The Patriot Post® · Will School Choice Be Mired in the Swamp?

By Michael Swartz ·
https://patriotpost.us/articles/49182-will-school-choice-be-mired-in-the-swamp-2017-05-19

It’s not official until next week, but The Washington Post revealed that Donald Trump’s first education budget contains, as they put it, “Deep cuts to public school programs in pursuit of school choice.” As if colluding with Russia weren’t bad enough, Trump wants your kids’ education to suffer, and the intrepid reporters at the tabloid Post are on the case.

Considering the Post’s new transparently anti-Trump slogan is “Democracy Dies in Darkness,” it’s amazing how little light they shed on the issue between this story and a companion piece on higher education finance.

One obvious point the Post glosses over is the target audience they’re seeking to reach — not the reader, but the members of Congress and their staffers who put together the federal budget. For one thing, this budgetary trick is not a zero-sum game of strictly cutting dollars from other areas and giving them to school choice programs. In fact, the increased spending on the pale pastel version of school choice predominantly featured in the Trump education budget, where students are allowed to choose only from public schools, is just $1 billion, less than 10% of the overall $10.6 billion group of cuts. A remaining $418 million is split between a $168 million increase for charter schools and $250 million for “a new private school choice program,” according to the Trump education budget blueprint. Certainly this is a start, but in the terms of a projected Department of Education budget of $59 billion, the amount of money spent on non-public schools is a drop in the bucket.

As was predicted to be the case when Betsy DeVos was tapped for the job of secretary of education, the perspective of an outsider would mean that a number of formerly sacred cows would become eligible for the chopping block. Dismantling what we’ve variously described as an “utterly corrupt educational status quo” or a “government behemoth” wasn’t going to be done with the seal of approval of the teachers unions (National Education Association and American Federation of Teachers) or Department of Education bureaucracy, but President Trump and Secretary DeVos were dead set on making it happen anyway. And to the Left, even with a reformer running the show, just having a federal Department of Education is better than the long-cherished cherished conservative dream of eliminating it entirely, as Rep. Thomas Massie has proposed.

Yet the Swamp has a last line of defense, as pointed out earlier. It’s a sure bet that those teachers will be spending a little bit of their summer vacation burning up the phone lines and filling up the email boxes of their congressional representatives with demands to negate these “draconian” cuts — which overall amount to about 13.6% of the department’s budget. Thus it’s probable that most of the money will be restored as Congress negotiates over the summer. Most likely, the budget will end up in the range of about $55-57 billion, which is a slight reduction in spending. Those cuts will likely come from eliminating the school choice money and a few other items, in order to allow Congress to claim victory over deficit spending without having to make the toughest choices.

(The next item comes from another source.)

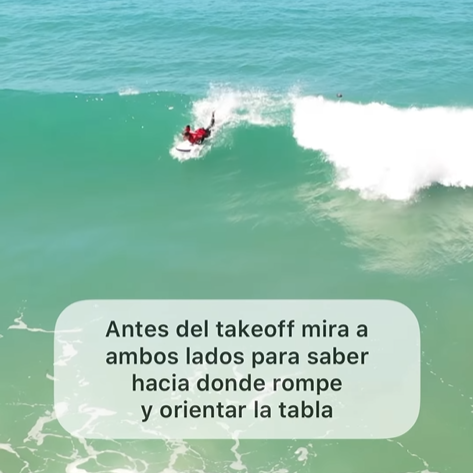 Orientación para el takeoff: Cuando veas que estás cerca del punto de ruptura y la ola te va a llevar, mira hacia ambos lados de la ola para asegurarte hacia dónde rompe la ola, y orientar tu tabla de surf en esa dirección.

At an education technology conference in Salt Lake City earlier this month, DeVos remarked, “Washington has been in the driver’s seat [of American education] for over 50 years with very little to show for its efforts.” Naturally, that comes from the perspective of an outsider. However, if you’ve managed to carve out a nice little living for yourself based on the largesse of a cushy government job, from union dues coerced from the rank-and-file, or as a lobbyist who pines for even more educational decision-making inside the Beltway, you probably have no desire to see a sweet gig go by the wayside. When it comes to education, those are the swamp critters to watch out for, and budget time is when they’re most dangerous.